By Art Horne
Good sleep habits play an important role in athletic performance; there are few things as intuitive as the need for a good night's rest. Yet how many athletes in your setting truly take advantage of it? If you've ever looked around a team bus and seen heads bobbing up and down as athletes doze off during even short trips, it's obvious that many are sleep deprived.
On the physical side, sleep-deprivation studies have shown that the primary negative effect of sleep debt is a decrease in time to exhaustion during activity. In prolonged performance tests, subjects who have gotten less sleep consistently tire more quickly than those who have gotten more. The mental effects of sleep debt, meanwhile, are much more pronounced. And for competitive sports, in which decisions must be made in the blink of an eye and concentration is at a premium, sleep deprivation can really hinder an athlete’s ability to succeed.

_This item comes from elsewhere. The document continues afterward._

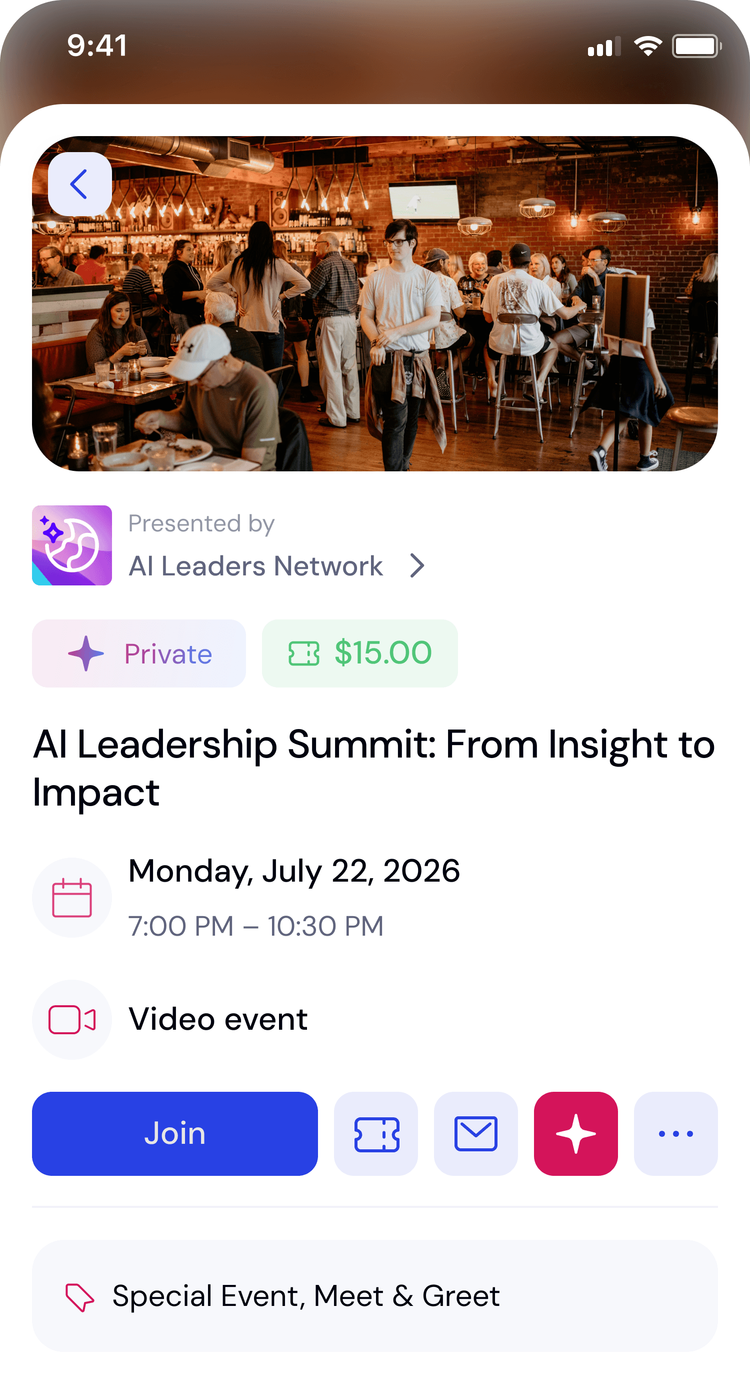 Run events with built-in networking, AI-powered matching, meetings, lounges, and follow-ups.
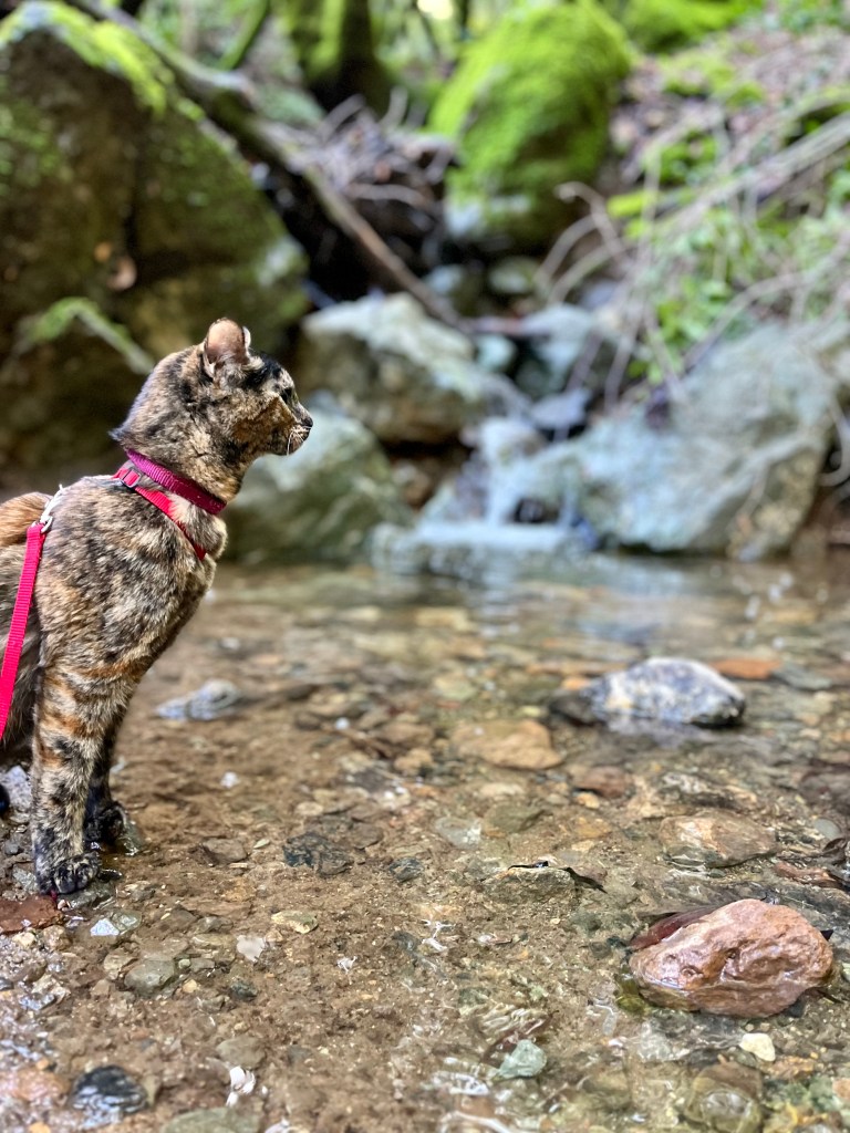 Lucille was in better spirits today and was willing to walk for brief intervals. She got to experience her first miniature “waterfall” and meet fellow hikers. Once turned onto Prospect trail, there’s a pretty sandwich spot with a picnic table and lovely overlook. We thoroughly explored the bushes here. Apparently the sniffs were marvelous. Leaving this idyllic spot a flock of little birds captured Lucilles attention as they flit from branch to branch. It took some coaxing to convince her to continue on.

The goal of nine hours per night for teens and college students will seem unrealistic to many, but the closer they can come to that number, the better they'll feel and the more they'll enjoy the health, recovery, and performance benefits of sleep.

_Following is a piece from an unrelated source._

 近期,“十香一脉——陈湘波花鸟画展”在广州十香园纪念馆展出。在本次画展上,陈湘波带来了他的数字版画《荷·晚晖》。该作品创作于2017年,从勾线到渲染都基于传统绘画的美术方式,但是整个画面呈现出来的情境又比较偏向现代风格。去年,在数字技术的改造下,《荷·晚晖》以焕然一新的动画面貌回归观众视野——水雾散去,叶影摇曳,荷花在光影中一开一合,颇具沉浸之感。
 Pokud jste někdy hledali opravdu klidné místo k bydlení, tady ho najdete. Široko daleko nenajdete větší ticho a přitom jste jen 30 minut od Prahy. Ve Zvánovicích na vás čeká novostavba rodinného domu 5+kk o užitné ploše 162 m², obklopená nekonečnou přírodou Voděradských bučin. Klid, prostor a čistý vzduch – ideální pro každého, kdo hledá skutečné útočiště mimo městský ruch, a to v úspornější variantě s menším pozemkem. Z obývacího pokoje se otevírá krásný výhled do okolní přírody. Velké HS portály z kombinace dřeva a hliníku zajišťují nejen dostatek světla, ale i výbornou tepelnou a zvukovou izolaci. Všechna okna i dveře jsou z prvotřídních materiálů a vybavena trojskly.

Consistency in sleep time is valuable as well. Going to bed and waking up at the same time every day takes maximum advantage of the body's natural circadian rhythm, while having different bedtimes and wake-up times every day can throw off the internal clock. Once a routine is established, athletes will find they are able to fall asleep more quickly and sleep more soundly through the night.
Here are other helpful sleep tips to pass on to your athletes:
• Eliminate as many light sources as possible when going to bed. This means turning off computer monitors, using dark curtains over dorm windows, and even rolling up a towel and putting it at the base of the door to block light from the hallway. If these steps are not possible, try using a sleeping mask to cover your eyes.

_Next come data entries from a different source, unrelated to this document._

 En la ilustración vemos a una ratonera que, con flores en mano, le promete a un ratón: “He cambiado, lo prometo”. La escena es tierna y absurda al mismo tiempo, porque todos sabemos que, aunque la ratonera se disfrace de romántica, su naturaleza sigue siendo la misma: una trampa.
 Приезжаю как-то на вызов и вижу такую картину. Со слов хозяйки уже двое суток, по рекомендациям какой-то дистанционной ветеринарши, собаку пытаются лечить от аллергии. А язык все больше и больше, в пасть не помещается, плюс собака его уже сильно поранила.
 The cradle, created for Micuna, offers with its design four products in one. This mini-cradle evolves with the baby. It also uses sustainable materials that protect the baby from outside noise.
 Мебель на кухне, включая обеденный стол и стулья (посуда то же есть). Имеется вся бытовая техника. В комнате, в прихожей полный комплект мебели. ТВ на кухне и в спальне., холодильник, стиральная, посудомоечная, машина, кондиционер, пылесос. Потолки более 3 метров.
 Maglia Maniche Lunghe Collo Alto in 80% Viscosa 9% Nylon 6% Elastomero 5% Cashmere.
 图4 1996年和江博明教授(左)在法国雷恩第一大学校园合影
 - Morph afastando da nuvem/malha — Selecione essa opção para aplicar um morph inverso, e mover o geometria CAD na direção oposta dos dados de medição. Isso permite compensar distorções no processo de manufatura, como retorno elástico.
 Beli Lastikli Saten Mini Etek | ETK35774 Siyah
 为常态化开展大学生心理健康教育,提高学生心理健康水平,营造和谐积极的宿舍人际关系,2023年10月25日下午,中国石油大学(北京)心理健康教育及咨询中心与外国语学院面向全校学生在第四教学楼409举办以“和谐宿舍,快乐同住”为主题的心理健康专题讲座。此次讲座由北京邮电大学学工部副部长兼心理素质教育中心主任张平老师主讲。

• Try wearing soft foam earplugs to eliminate nighttime noises that might interrupt your sleep. Or, if you're used to some ambient noise at night, use a fan, humidifier, or other appliance that creates "white noise" to make you more comfortable.
• Turn off the ringer on your phone(s) before going to bed. Remember that interrupted sleep can deprive you of the deeper stages of the sleep cycle, which have so many crucial benefits.
• Engage in progressive relaxation activities as you prepare to go to sleep. Being very physically active late at night, exposure to bright light right before bed (for instance from a computer monitor or television), or eating less than two hours before bedtime can delay "sleep latency," making it harder to fall asleep and robbing you of total sleep time.
• Set the room at a cool, comfortable temperature for sleep. Some people prefer warmer sleep environments than others, so when your team travels, try to find a roommate with a similar temperature preference.